*YOUR INSTRUCTIONS*: Among the entries that follow, the required portion opens with the line containing "1. 2017上半年,整体净销售额同比增长12%,达到$65亿;" and closes with the line containing "Elle se compose". Give that portion again exactly, and nothing else.

*TASK INPUTS*:

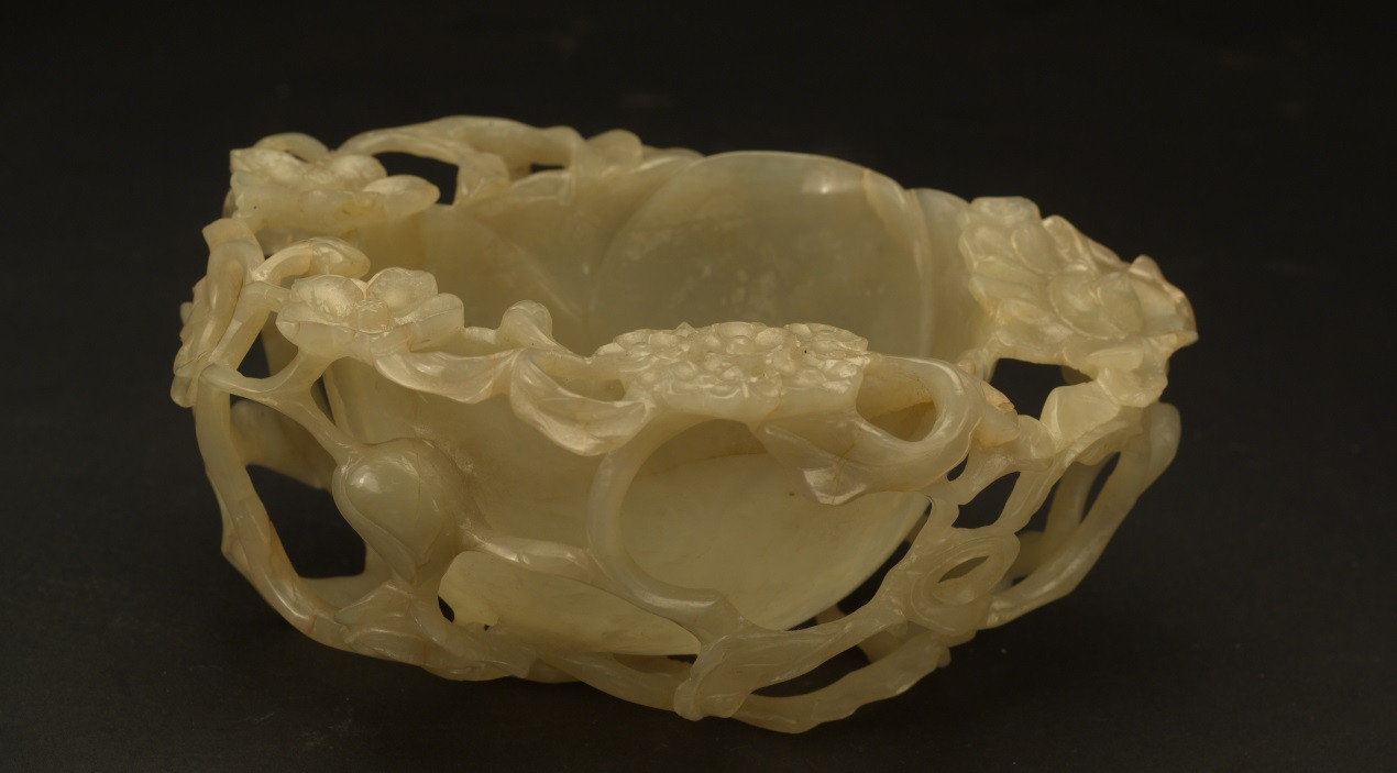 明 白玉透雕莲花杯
* * *
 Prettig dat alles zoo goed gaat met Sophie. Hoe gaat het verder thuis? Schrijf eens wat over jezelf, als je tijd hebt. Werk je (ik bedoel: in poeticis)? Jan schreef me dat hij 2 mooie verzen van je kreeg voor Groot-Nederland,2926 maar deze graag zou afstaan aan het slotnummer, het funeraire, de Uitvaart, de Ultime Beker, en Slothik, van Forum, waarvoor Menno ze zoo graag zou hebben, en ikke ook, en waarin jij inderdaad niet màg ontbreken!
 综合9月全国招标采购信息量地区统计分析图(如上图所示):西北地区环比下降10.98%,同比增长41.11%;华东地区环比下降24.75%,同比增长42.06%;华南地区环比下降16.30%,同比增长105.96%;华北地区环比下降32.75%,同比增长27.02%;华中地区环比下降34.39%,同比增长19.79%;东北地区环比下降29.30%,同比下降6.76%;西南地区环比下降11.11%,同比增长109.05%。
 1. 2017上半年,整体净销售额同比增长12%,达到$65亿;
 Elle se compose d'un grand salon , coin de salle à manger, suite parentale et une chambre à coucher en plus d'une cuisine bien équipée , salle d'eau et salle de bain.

*SOLVED EXERCISE*:
 1. 2017上半年,整体净销售额同比增长12%,达到$65亿;
 Elle se compose d'un grand salon , coin de salle à manger, suite parentale et une chambre à coucher en plus d'une cuisine bien équipée , salle d'eau et salle de bain.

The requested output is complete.